AEDs are “pretty much failsafe”. The FDA standard requires that you use an AED only on an unconscious, non breathing, pulse less, victim. AHA protocol does not recommend that you use AEDs for monitoring on a conscious victim in cardiac tachycardia, but some new models do have monitoring screens to safely monitor heart rhythm. You may have to temporarily stop CPR to shave the chest hair of someone who is really hairy. A razor and extra pads are included with most AEDs. With some AED models, it is not recommended that you attempt to defibrillate someone in a moving vehicle or on a boat.
Ellis & Associates, YMCA, and the American Red Cross and Starguard all are recommending, and some agencies are mandating, AEDs at their aquatic facilities. Training is readily available. Most CPR instructors can now teach use of AEDs. Prices are going down now that there are more manufacturers. Average cost is around $3,000, but some models now sell for under $2,000.
It is recommended that AEDs be stored in an alarmed wall case, which can be wired into 911. Audible alarms and strobe lights which can’t be turned off without a key can be added for extra security.

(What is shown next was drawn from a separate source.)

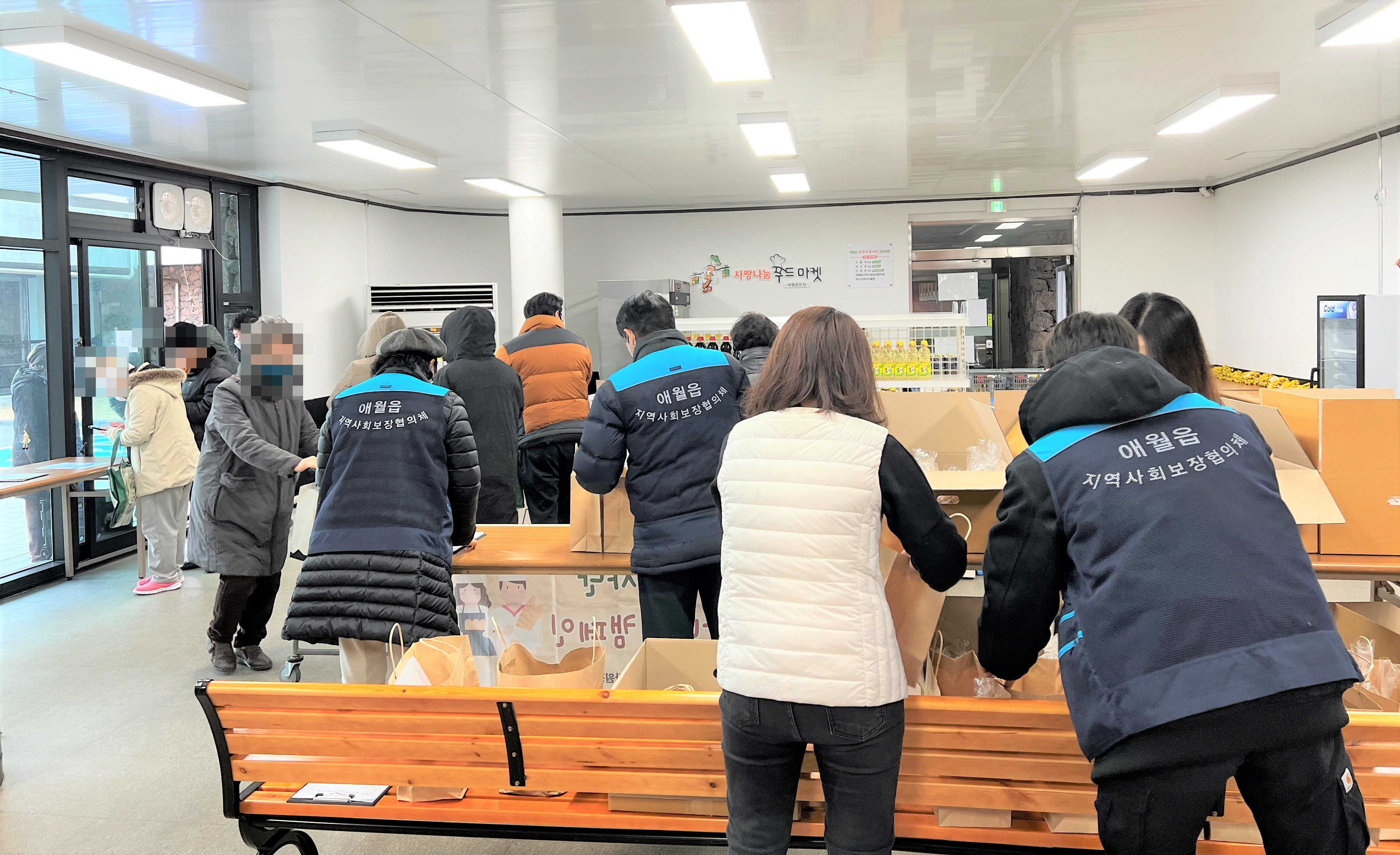 1월28일(금) 제주시 애월읍 애월체육관에서 오전 10시부터 오후 2시까지 사랑나눔푸드마켓 애월분점을 운영하여, 44명의 이용자에게 기부식품과 물품을 제공하였습니다.

There are a few special precautions for use of AEDs in an aquatic environment. Since electricity and water don’t mix, rescuers should be reminded to get the victim out of the water, wipe down the victim’s chest, and place them on a dry deck on a backboard before defibrillating.
To avoid delays in obtaining assistance, install a special emergency telephone on the pool deck. Signage instructing members or guests on how to obtain assistance in an emergency should be developed and posted.
Emergency phone numbers should be posted in close proximity to the phone
Directions to the facility and other pertinent information to be conveyed to the EMS operator should be attached or posted on the phone itself.